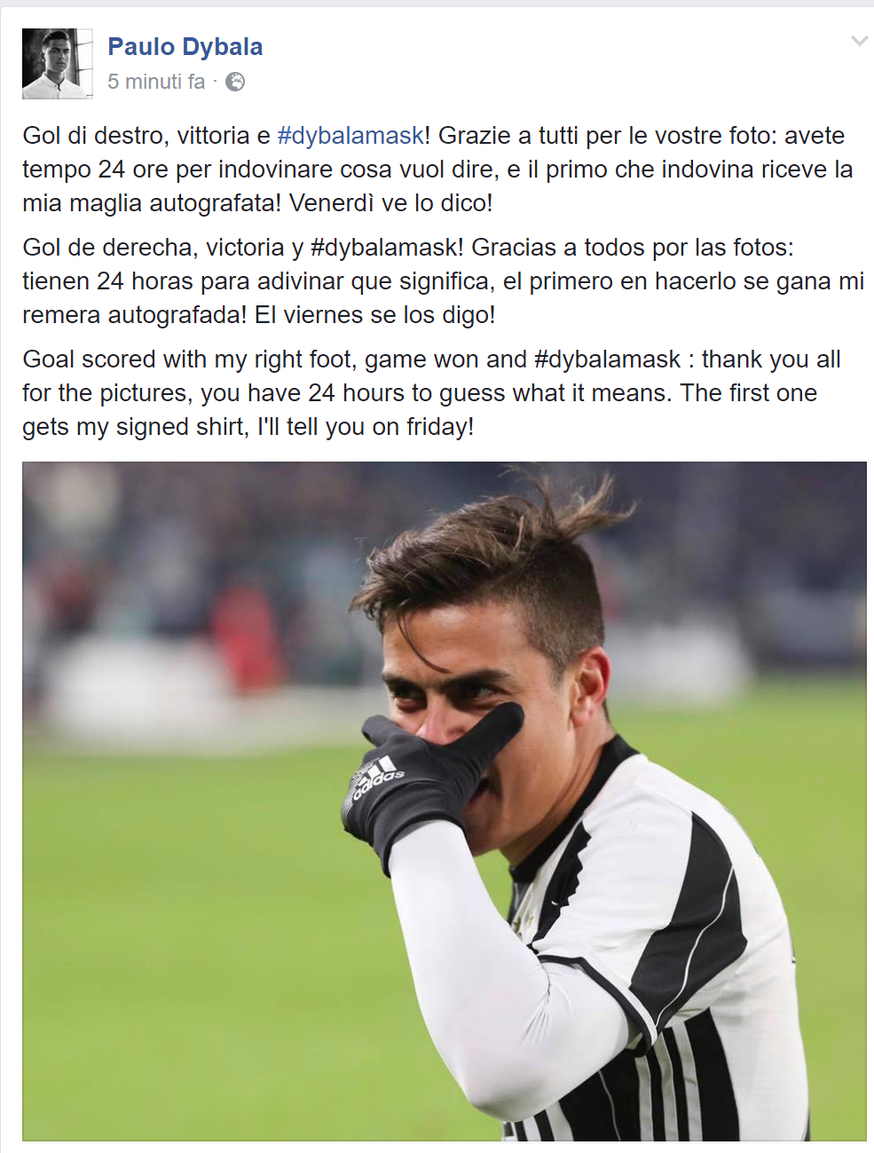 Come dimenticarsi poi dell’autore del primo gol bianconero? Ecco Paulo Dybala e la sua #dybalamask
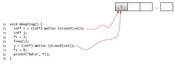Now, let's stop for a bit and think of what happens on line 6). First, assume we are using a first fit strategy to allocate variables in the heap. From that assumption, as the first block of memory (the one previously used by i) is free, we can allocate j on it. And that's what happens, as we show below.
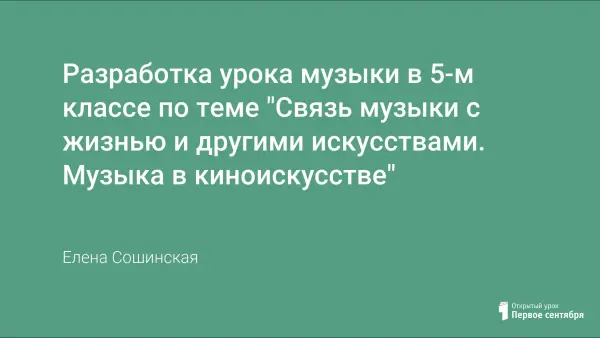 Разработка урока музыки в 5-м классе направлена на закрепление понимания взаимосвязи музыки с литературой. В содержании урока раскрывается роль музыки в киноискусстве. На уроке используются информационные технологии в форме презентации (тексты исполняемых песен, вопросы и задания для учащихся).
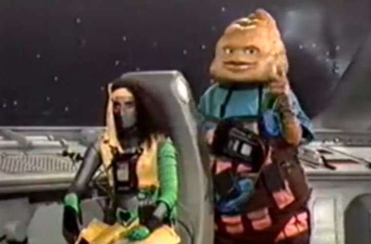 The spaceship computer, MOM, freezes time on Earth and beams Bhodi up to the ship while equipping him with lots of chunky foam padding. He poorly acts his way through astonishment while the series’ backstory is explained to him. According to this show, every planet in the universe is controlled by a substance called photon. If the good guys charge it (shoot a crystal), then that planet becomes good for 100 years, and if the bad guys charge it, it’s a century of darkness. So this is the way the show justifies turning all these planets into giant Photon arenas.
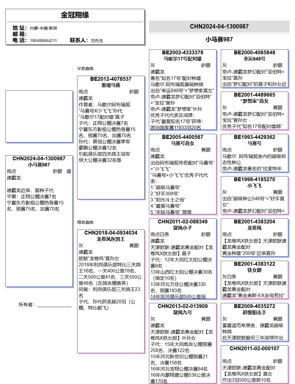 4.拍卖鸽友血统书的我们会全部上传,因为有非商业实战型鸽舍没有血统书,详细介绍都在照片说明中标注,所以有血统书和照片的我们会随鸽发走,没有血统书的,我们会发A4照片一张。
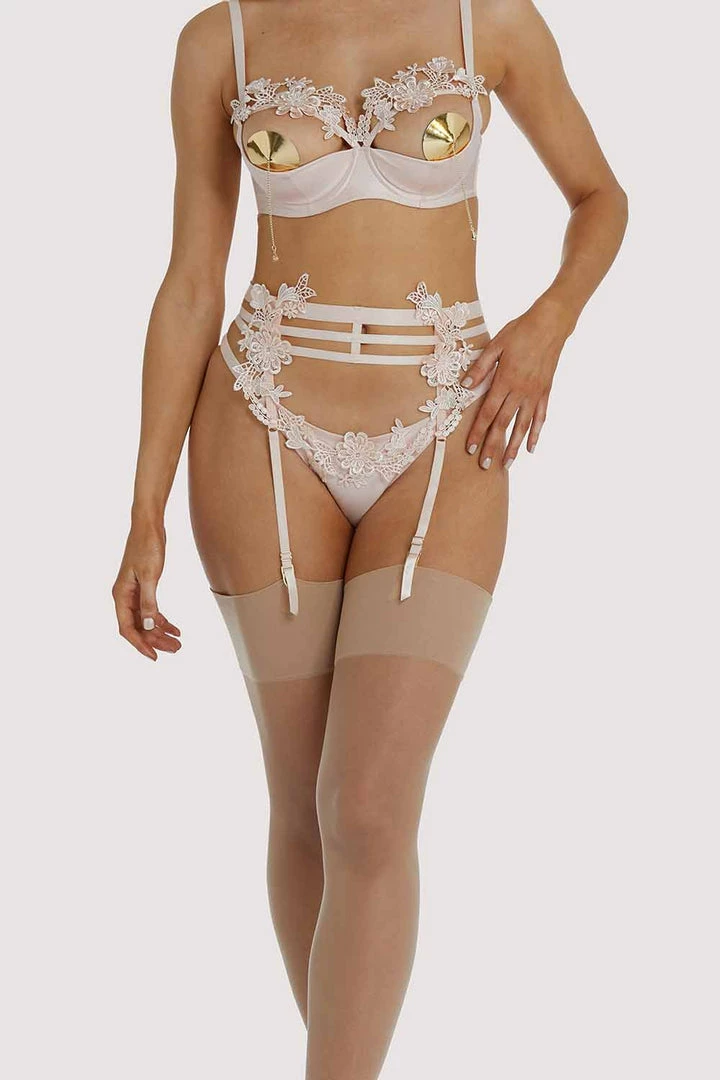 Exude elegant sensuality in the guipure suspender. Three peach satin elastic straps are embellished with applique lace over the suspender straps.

------------------------------------------------------------

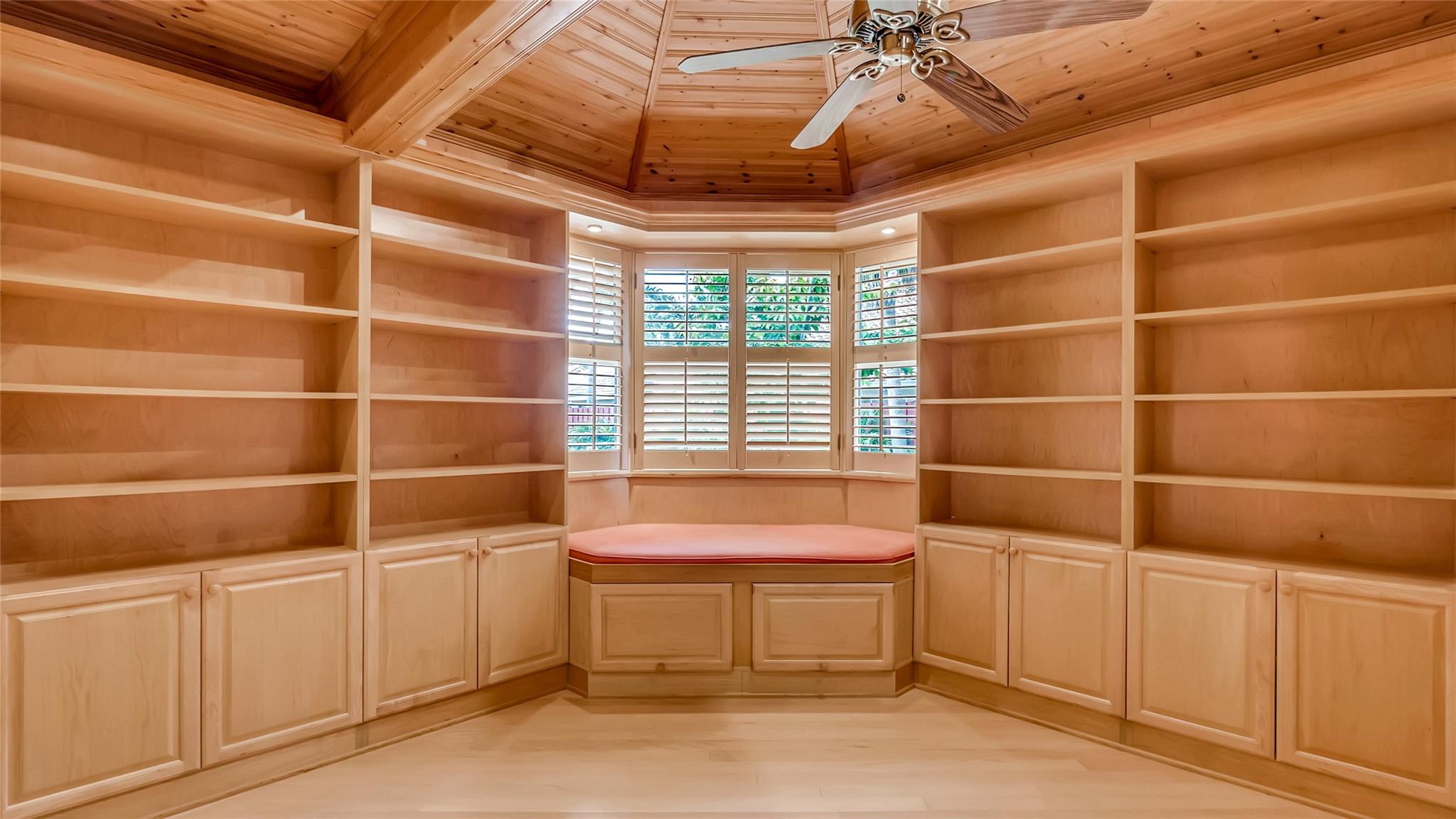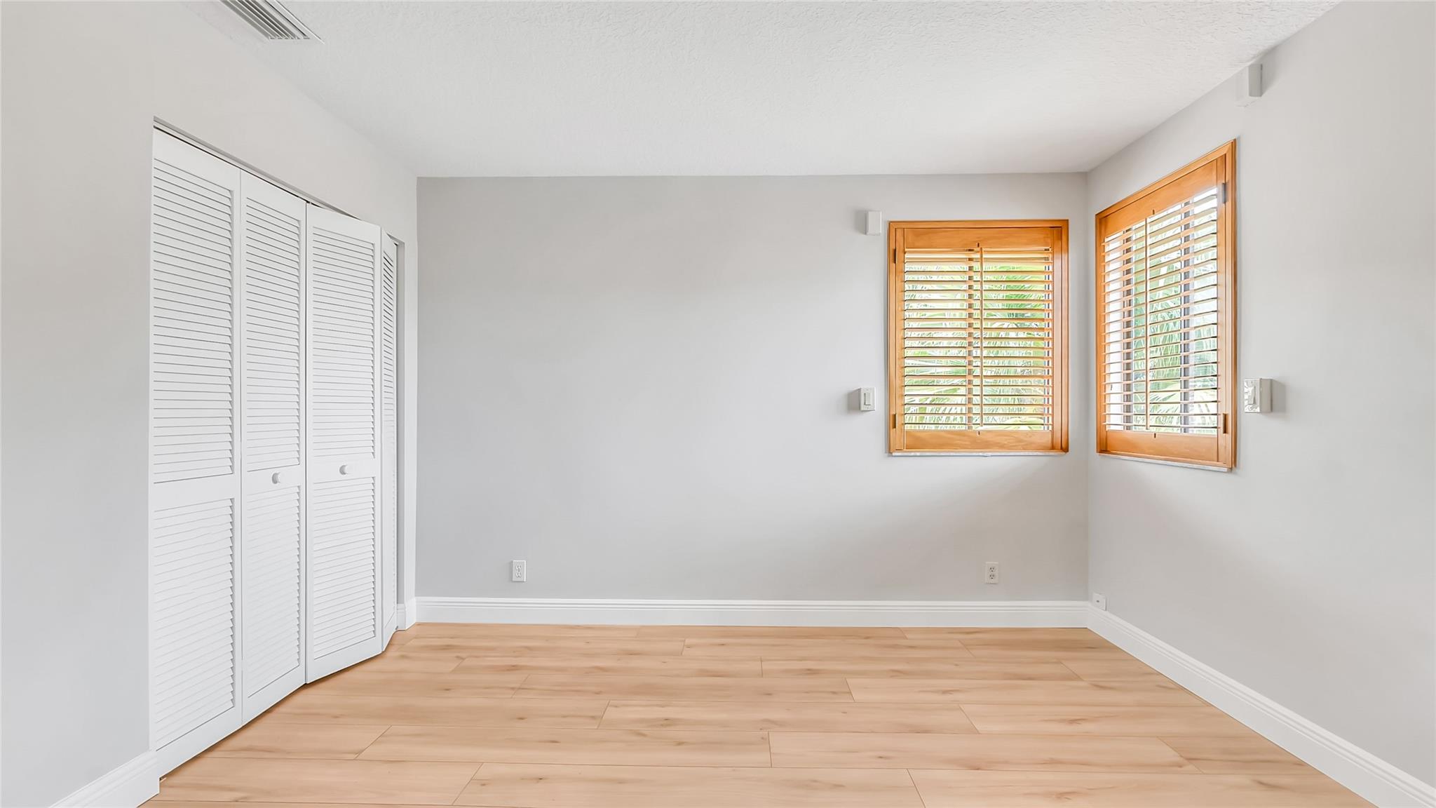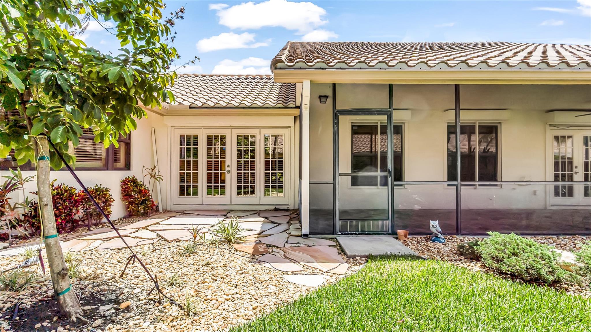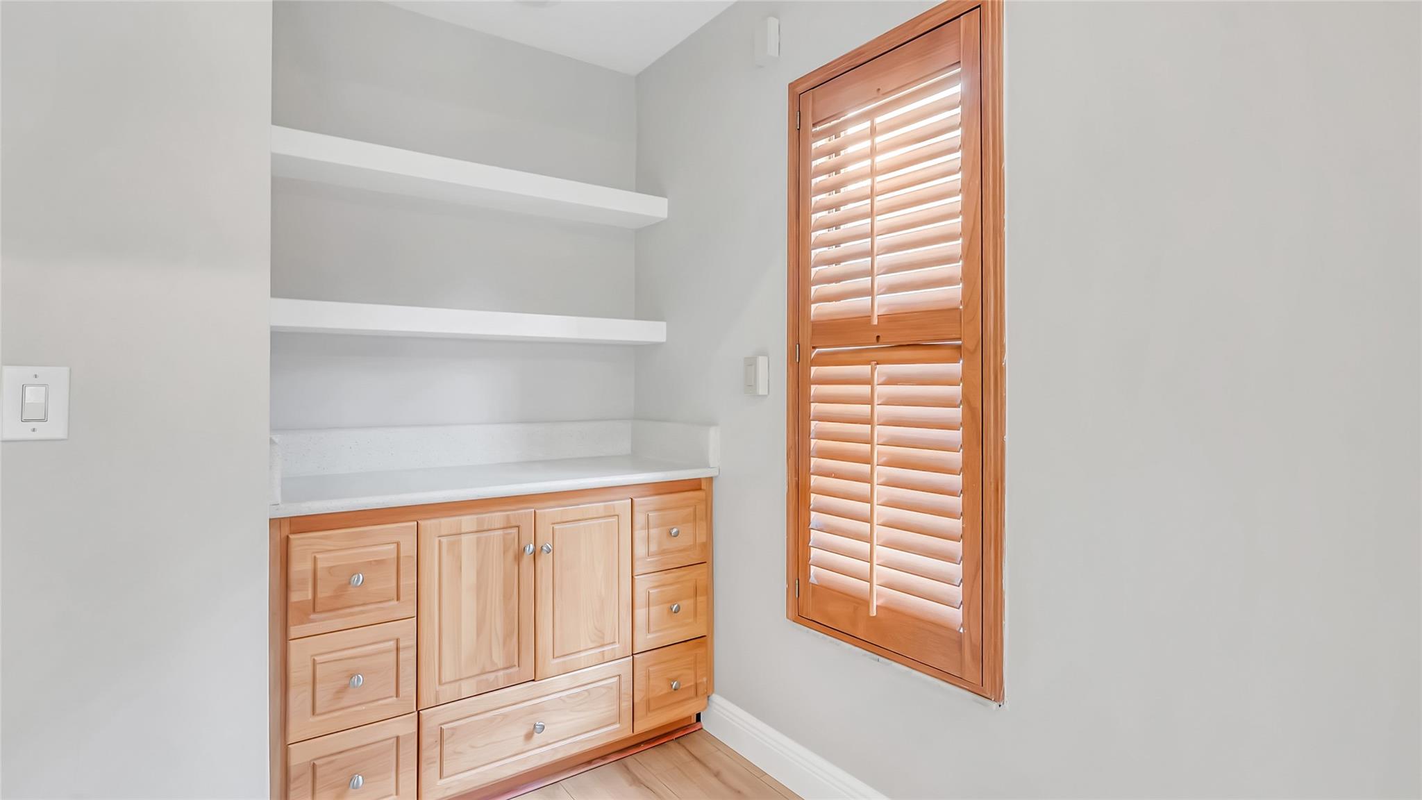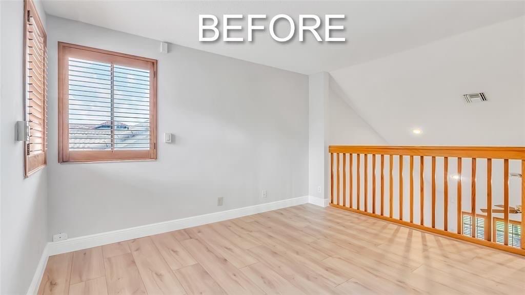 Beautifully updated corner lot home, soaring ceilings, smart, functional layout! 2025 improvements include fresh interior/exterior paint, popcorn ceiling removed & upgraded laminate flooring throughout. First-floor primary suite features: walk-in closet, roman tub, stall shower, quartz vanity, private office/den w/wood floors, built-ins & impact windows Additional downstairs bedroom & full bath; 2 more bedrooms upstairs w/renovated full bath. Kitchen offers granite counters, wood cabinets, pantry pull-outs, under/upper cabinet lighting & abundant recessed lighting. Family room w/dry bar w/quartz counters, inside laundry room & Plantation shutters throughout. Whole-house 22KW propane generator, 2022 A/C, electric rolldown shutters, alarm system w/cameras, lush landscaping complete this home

------------------------------------------------------------

# [EXERCISE DESCRIPTION]
What you write must match the listing exactly, from the line with "The spaceship computer, MOM, freezes" up to and including the line with "4.拍卖鸽友血统书的我们会全". Pictures stay out.

# [RESULT]
 The spaceship computer, MOM, freezes time on Earth and beams Bhodi up to the ship while equipping him with lots of chunky foam padding. He poorly acts his way through astonishment while the series’ backstory is explained to him. According to this show, every planet in the universe is controlled by a substance called photon. If the good guys charge it (shoot a crystal), then that planet becomes good for 100 years, and if the bad guys charge it, it’s a century of darkness. So this is the way the show justifies turning all these planets into giant Photon arenas.
 4.拍卖鸽友血统书的我们会全部上传,因为有非商业实战型鸽舍没有血统书,详细介绍都在照片说明中标注,所以有血统书和照片的我们会随鸽发走,没有血统书的,我们会发A4照片一张。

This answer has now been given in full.